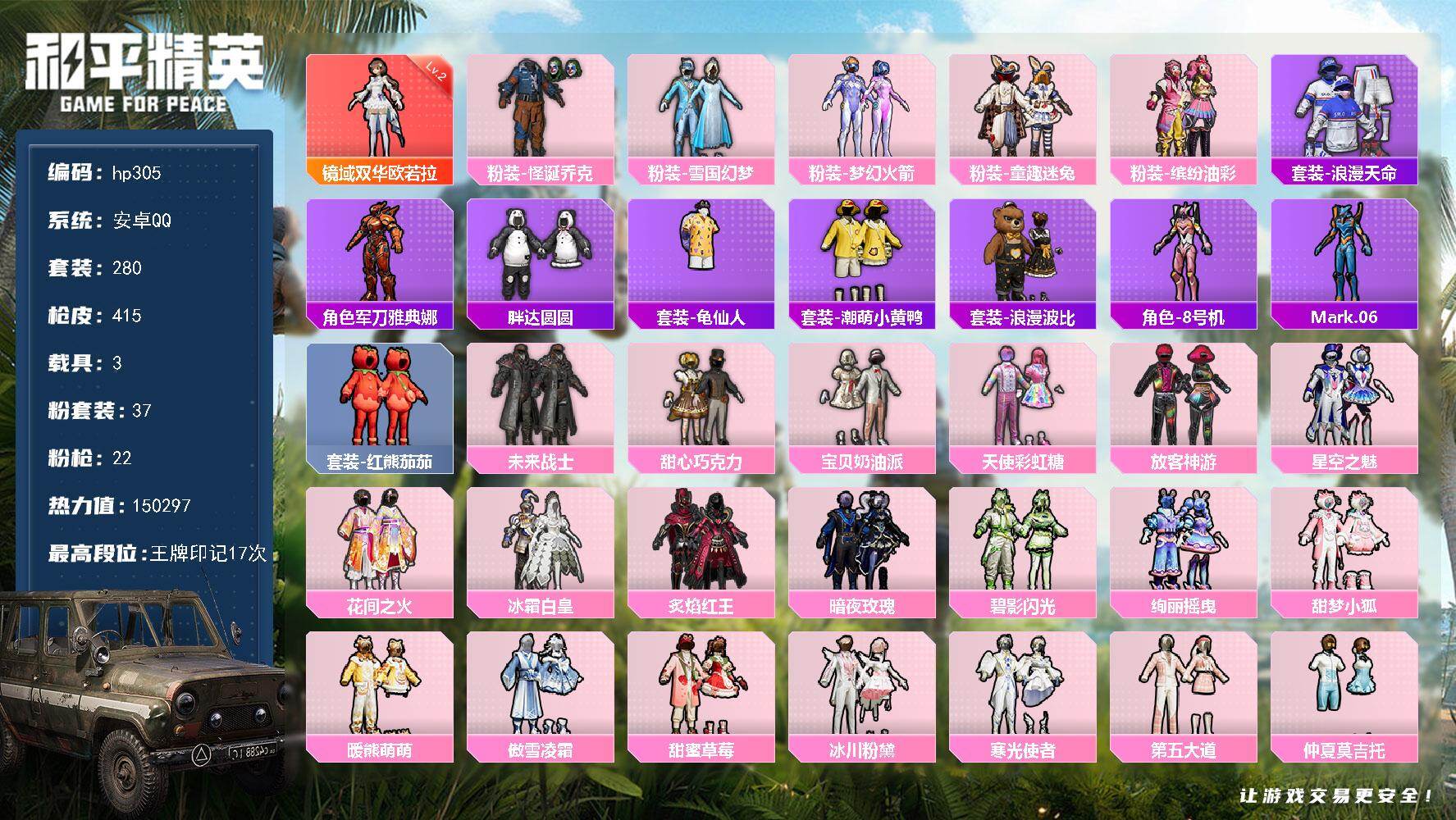 [16953418]安卓 手Q-1神装-37粉装-22特效枪-3载具-16粉色飞行器-150297热力值-17王牌印记-280套装-415枪皮
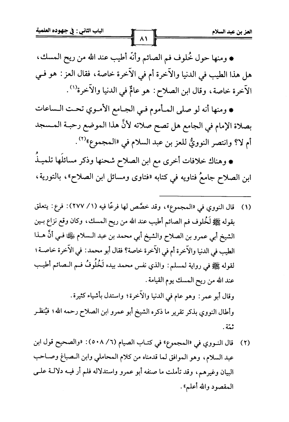 (¬2) قال النووي في "المجموع" في كتاب الصيام (6/ 508): "والصحيح قول ابنُ عبد السلام، وهو الموافق لما قدمناه من كلام المحاملي وابنُ الصباغ وصاحب البيان وغيرهم، وقد تأملت ما صنفه أبو عمرو واستدلاله فلم أر فيه دلالة على المقصود والله أعلم".
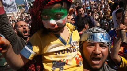 23 de marzo de 2012, Binnish, provincia de Idlib, noroeste de Siria. Como cada viernes, cerca de mil personas se manifiestan contra el régimen. En esta ocasión lo hacen bajo el lema: “¡Damasco, allá vamos!”. Movilizaciones anteriores habían sido más multitudinarias, pero Binnish había sido bombardeada el día anterior y la gente tenía miedo y se marchaba de la ciudad. Entonces se cumplía un año del inicio de la guerra y habían muerto unas 9.000 personas. Hoy, los muertos son más de 100.000, la contienda continúa y los rebeldes no han entrado en Damasco. Desde el primer momento, los niños estuvieron muy presentes en las protestas. El pequeño que está en primer plano tiene la cara pintada con la antigua bandera siria de la independencia, de franjas, verde, blanca y negra, con tres estrellas rojas en el centro. La oposición al régimen del presidente Bachar el Asad volvió a adoptarla a finales de 2011, y para muchos es la bandera de la revolución.
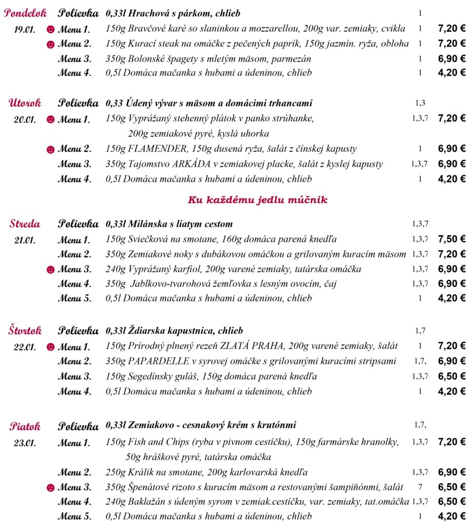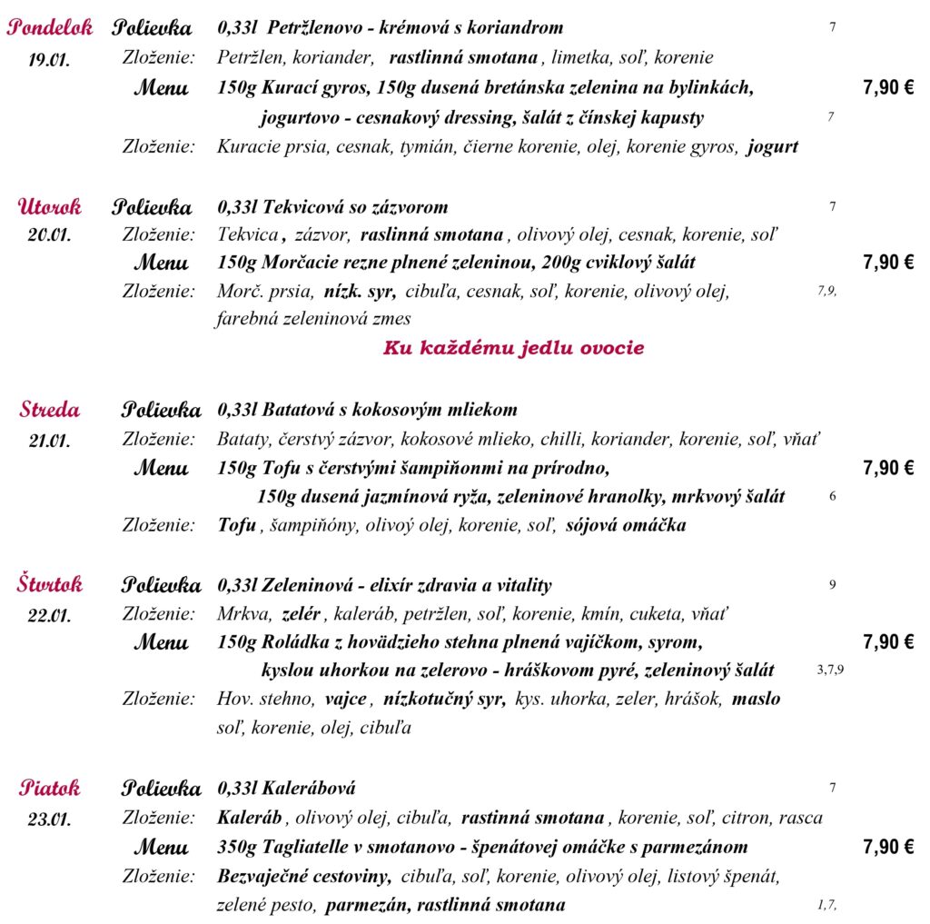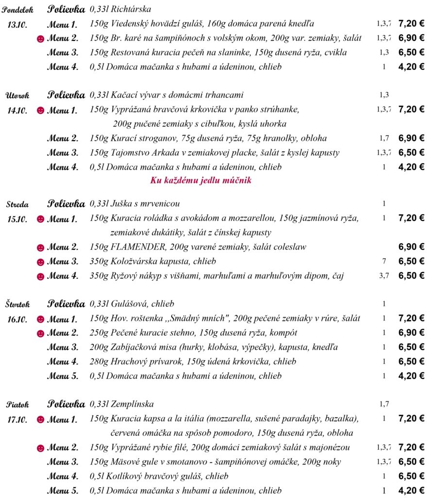 1-Obilniny obsahujúce lepok, 2- Kôrovce, 3- Vajcia, 4-Ryby, 5-Arašidy, 6-Sójové bôby, 7-Mlieko, 8-Orechy 9-Zeler, 10-Horčica, 11-Sezamové semena, 12-Kysličník siričitý a riričitany, 13-Vlčí bôb, 14-Mäkkýše
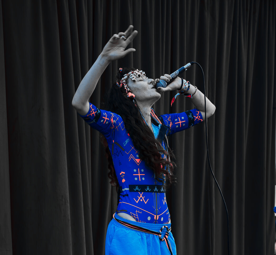 Her solo performances are immersive journeys that balance intensity and intimacy. Switching seamlessly between Spanish and Italian, she creates a living tapestry of layered vocals, percussive grooves, and harmonic colors. Each show becomes both a danceable ritual and a reflective experience, inviting audiences to move, listen, and connect. Her warm, radiant voice and powerful stage presence transform the stage into a space of collective emotion, storytelling, and empowerment.
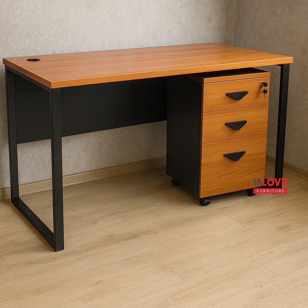 1. โต๊ะทำงานโล่ง ขาเหล็ก ขนาด 180 ซม MSQ-180 D 2. ตู้เอกสาร 3 ลิ้นชัก แบบมีล้อ MM-FC
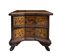 Comodino a due cassetti in legno di noce H 55 c, l 58 cm, p 35 cm Intarsi sul fronte in palissandro e acero. Dentellatura al piano. Provenienza Lombardia.In stile XVIII secolo, restauri e sostituzioni.
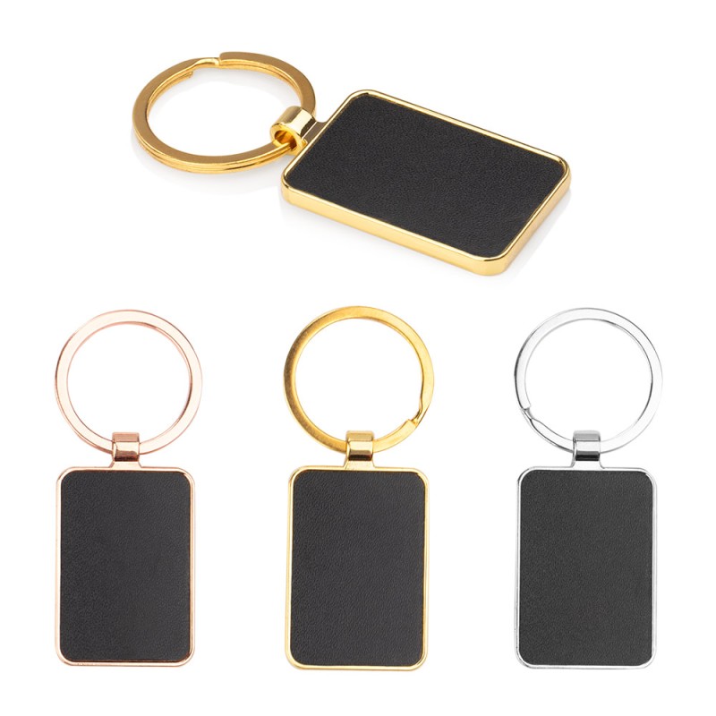 Llavero metálico con forma rectangular. Superficie oscura para marcación.
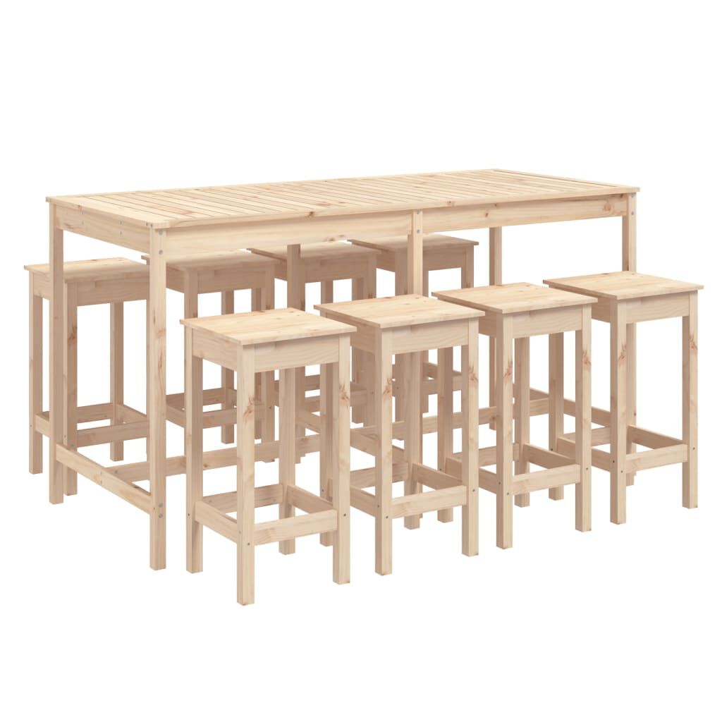 vidaXL 9dílný zahradní barový set masivní borové dřevo
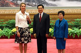 胡锦涛和夫人刘永清与国际残奥委会荣誉委员玛丽亚古兰吉纳合影
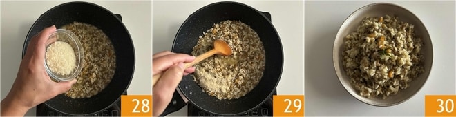 Como último paso, añadid el Parmigiano rallado 28 y mantecad todo 29. El arroz con lentejas está listo, solo os queda llevarlo a la mesa 30.
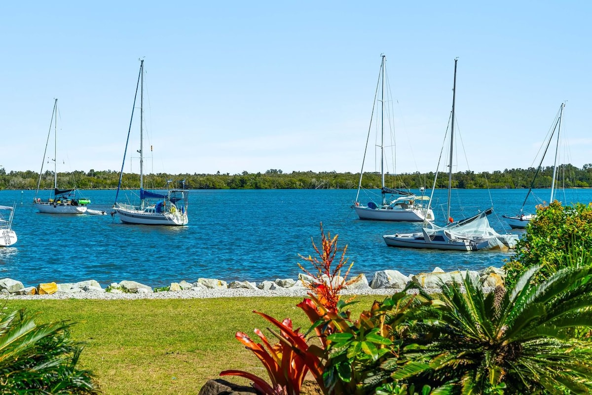 PACIFIC BAY RESORT - Studio Unit is privately owned and is a 1 minute to the beach. Owner Christine maintains the apartment herself, ensuring that you have a pleasant and clean place to stay with lagoon views. This fully air conditioned apartment has a ceiling fan . Complimentary WiFi, Free Parking, Mini Kitchen with Tea/Coffee making facilities small bar fridge and a microwave oven. Guests enjoy 2 Outdoor Swimming Pools, Tennis Courts, Onsite Restaurant and Golf course
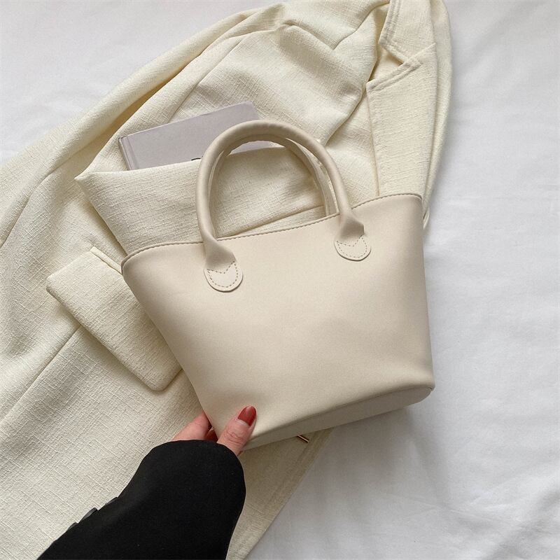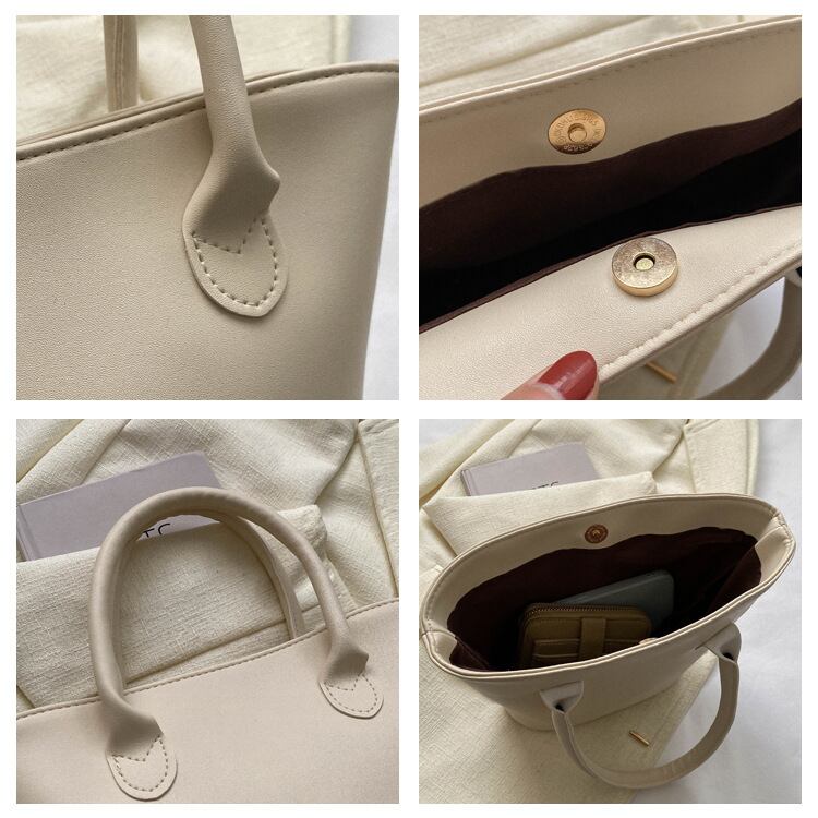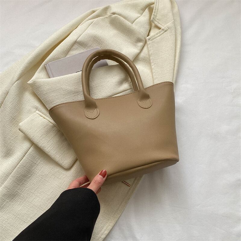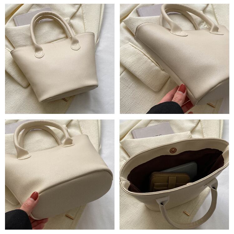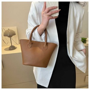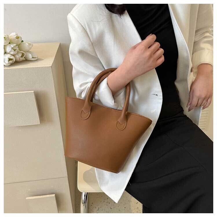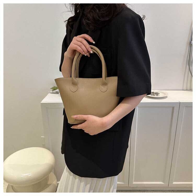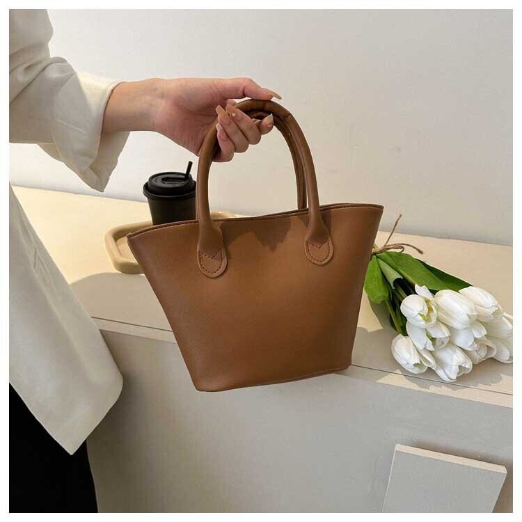 トラペーズ(台形)シルエットが特徴的なコンパクトトートバッグ。上部から底に向かって緩やかに広がるAラインフォルムは、見た目以上の収納力を実現。丸みを帯びた円筒形のハンドルが、優しく手になじみ、長時間の使用でも疲れにくい設計。上質な合成皮革を使用し、本革のような滑らかな質感と高級感を演出。マグネットボタン付きで中身も安心。コンパクトながら必需品がきちんと収まる絶妙なサイズ感で、デイリー使いに最適な、大人の女性のための上品なバッグです。
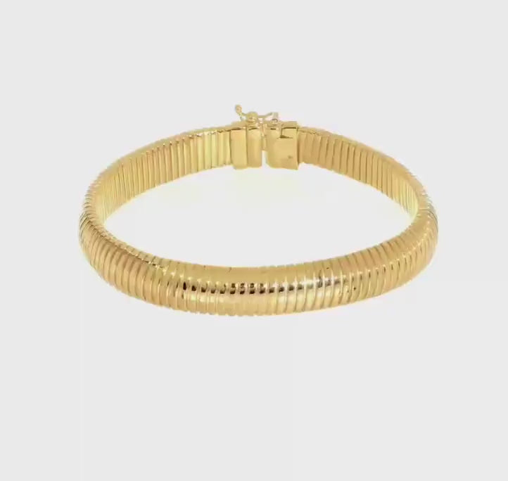 Introducing our stunning Tubogas Bracelet, a bold and luxurious accessory that exudes sophistication and modernity. This bracelet is meticulously crafted from high-quality 14 and 18 -karat gold, ensuring both durability and a radiant, timeless allure.
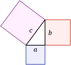 Античные авторы нашей эры[83] отдают Пифагору авторство известной теоремы: квадрат гипотенузы прямоугольного треугольника равняется сумме квадратов катетов. По всей видимости то, что мы называем «теоремой Пифагора», было известно до Пифагора. Античному математику приписывают её доказательство в общем виде. Первоначально «теорема Пифагора» устанавливала соотношение между площадями квадратов, построенных на гипотенузе и катетах прямоугольного треугольника, а именно «квадрат, построенный на гипотенузе, равновелик сумме квадратов, построенных на катетах»[84]. Тройки натуральных чисел, для которых выполняется диофантово уравнение , получили название пифагоровых (3, 4, 5; 5, 12, 13 и т. д.)[85]. Согласно описанной у Диогена Лаэртского, с отсылкой к Аполлодору, легенде, в день, когда Пифагор открыл свою теорему, он принёс богам гекатомбу (100 быков)[86].
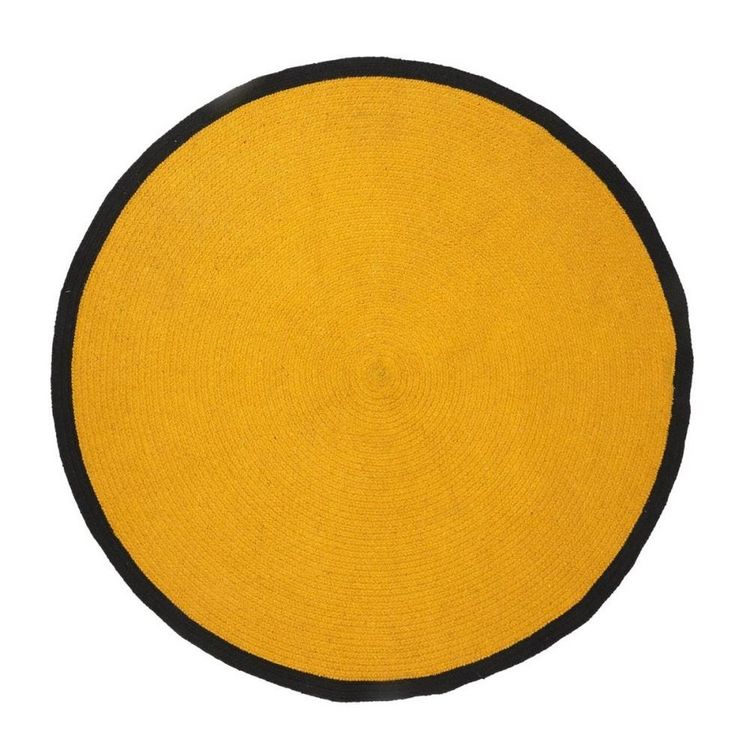 Tapis rond moutarde bord noir D120 cotonMagnifique tapis rond en coton moutarde à bord noir de 120 cm de diamètre. Vous aimerez le caractère couleur unie très pop de ce tapis en fibre naturelle. Son format circulaire modernisera la déco de votre espace.Informations sur le tapis rond moutarde bord no
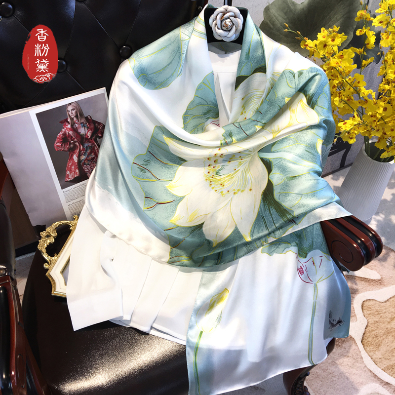 真丝丝巾女春秋苏绣荷花旗袍披肩外搭妈妈礼盒苏州送礼桑蚕丝围巾
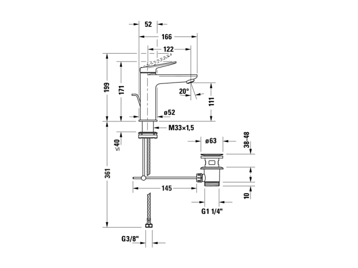 Mezclador de lavabo DUVARIT Wave M con desagüe de bronce cepillado

__________

Task instructions —
Repeat the entries exactly, pictures left out.

Output of the exercise —
 [16953418]安卓 手Q-1神装-37粉装-22特效枪-3载具-16粉色飞行器-150297热力值-17王牌印记-280套装-415枪皮
 (¬2) قال النووي في "المجموع" في كتاب الصيام (6/ 508): "والصحيح قول ابنُ عبد السلام، وهو الموافق لما قدمناه من كلام المحاملي وابنُ الصباغ وصاحب البيان وغيرهم، وقد تأملت ما صنفه أبو عمرو واستدلاله فلم أر فيه دلالة على المقصود والله أعلم".
 23 de marzo de 2012, Binnish, provincia de Idlib, noroeste de Siria. Como cada viernes, cerca de mil personas se manifiestan contra el régimen. En esta ocasión lo hacen bajo el lema: “¡Damasco, allá vamos!”. Movilizaciones anteriores habían sido más multitudinarias, pero Binnish había sido bombardeada el día anterior y la gente tenía miedo y se marchaba de la ciudad. Entonces se cumplía un año del inicio de la guerra y habían muerto unas 9.000 personas. Hoy, los muertos son más de 100.000, la contienda continúa y los rebeldes no han entrado en Damasco. Desde el primer momento, los niños estuvieron muy presentes en las protestas. El pequeño que está en primer plano tiene la cara pintada con la antigua bandera siria de la independencia, de franjas, verde, blanca y negra, con tres estrellas rojas en el centro. La oposición al régimen del presidente Bachar el Asad volvió a adoptarla a finales de 2011, y para muchos es la bandera de la revolución.
 1-Obilniny obsahujúce lepok, 2- Kôrovce, 3- Vajcia, 4-Ryby, 5-Arašidy, 6-Sójové bôby, 7-Mlieko, 8-Orechy 9-Zeler, 10-Horčica, 11-Sezamové semena, 12-Kysličník siričitý a riričitany, 13-Vlčí bôb, 14-Mäkkýše
 Her solo performances are immersive journeys that balance intensity and intimacy. Switching seamlessly between Spanish and Italian, she creates a living tapestry of layered vocals, percussive grooves, and harmonic colors. Each show becomes both a danceable ritual and a reflective experience, inviting audiences to move, listen, and connect. Her warm, radiant voice and powerful stage presence transform the stage into a space of collective emotion, storytelling, and empowerment.
 1. โต๊ะทำงานโล่ง ขาเหล็ก ขนาด 180 ซม MSQ-180 D 2. ตู้เอกสาร 3 ลิ้นชัก แบบมีล้อ MM-FC
 Comodino a due cassetti in legno di noce H 55 c, l 58 cm, p 35 cm Intarsi sul fronte in palissandro e acero. Dentellatura al piano. Provenienza Lombardia.In stile XVIII secolo, restauri e sostituzioni.
 Llavero metálico con forma rectangular. Superficie oscura para marcación.
 vidaXL 9dílný zahradní barový set masivní borové dřevo
 胡锦涛和夫人刘永清与国际残奥委会荣誉委员玛丽亚古兰吉纳合影
 Como último paso, añadid el Parmigiano rallado 28 y mantecad todo 29. El arroz con lentejas está listo, solo os queda llevarlo a la mesa 30.
 PACIFIC BAY RESORT - Studio Unit is privately owned and is a 1 minute to the beach. Owner Christine maintains the apartment herself, ensuring that you have a pleasant and clean place to stay with lagoon views. This fully air conditioned apartment has a ceiling fan . Complimentary WiFi, Free Parking, Mini Kitchen with Tea/Coffee making facilities small bar fridge and a microwave oven. Guests enjoy 2 Outdoor Swimming Pools, Tennis Courts, Onsite Restaurant and Golf course
 トラペーズ(台形)シルエットが特徴的なコンパクトトートバッグ。上部から底に向かって緩やかに広がるAラインフォルムは、見た目以上の収納力を実現。丸みを帯びた円筒形のハンドルが、優しく手になじみ、長時間の使用でも疲れにくい設計。上質な合成皮革を使用し、本革のような滑らかな質感と高級感を演出。マグネットボタン付きで中身も安心。コンパクトながら必需品がきちんと収まる絶妙なサイズ感で、デイリー使いに最適な、大人の女性のための上品なバッグです。
 Introducing our stunning Tubogas Bracelet, a bold and luxurious accessory that exudes sophistication and modernity. This bracelet is meticulously crafted from high-quality 14 and 18 -karat gold, ensuring both durability and a radiant, timeless allure.
 Античные авторы нашей эры[83] отдают Пифагору авторство известной теоремы: квадрат гипотенузы прямоугольного треугольника равняется сумме квадратов катетов. По всей видимости то, что мы называем «теоремой Пифагора», было известно до Пифагора. Античному математику приписывают её доказательство в общем виде. Первоначально «теорема Пифагора» устанавливала соотношение между площадями квадратов, построенных на гипотенузе и катетах прямоугольного треугольника, а именно «квадрат, построенный на гипотенузе, равновелик сумме квадратов, построенных на катетах»[84]. Тройки натуральных чисел, для которых выполняется диофантово уравнение , получили название пифагоровых (3, 4, 5; 5, 12, 13 и т. д.)[85]. Согласно описанной у Диогена Лаэртского, с отсылкой к Аполлодору, легенде, в день, когда Пифагор открыл свою теорему, он принёс богам гекатомбу (100 быков)[86].
 Tapis rond moutarde bord noir D120 cotonMagnifique tapis rond en coton moutarde à bord noir de 120 cm de diamètre. Vous aimerez le caractère couleur unie très pop de ce tapis en fibre naturelle. Son format circulaire modernisera la déco de votre espace.Informations sur le tapis rond moutarde bord no
 真丝丝巾女春秋苏绣荷花旗袍披肩外搭妈妈礼盒苏州送礼桑蚕丝围巾
 Mezclador de lavabo DUVARIT Wave M con desagüe de bronce cepillado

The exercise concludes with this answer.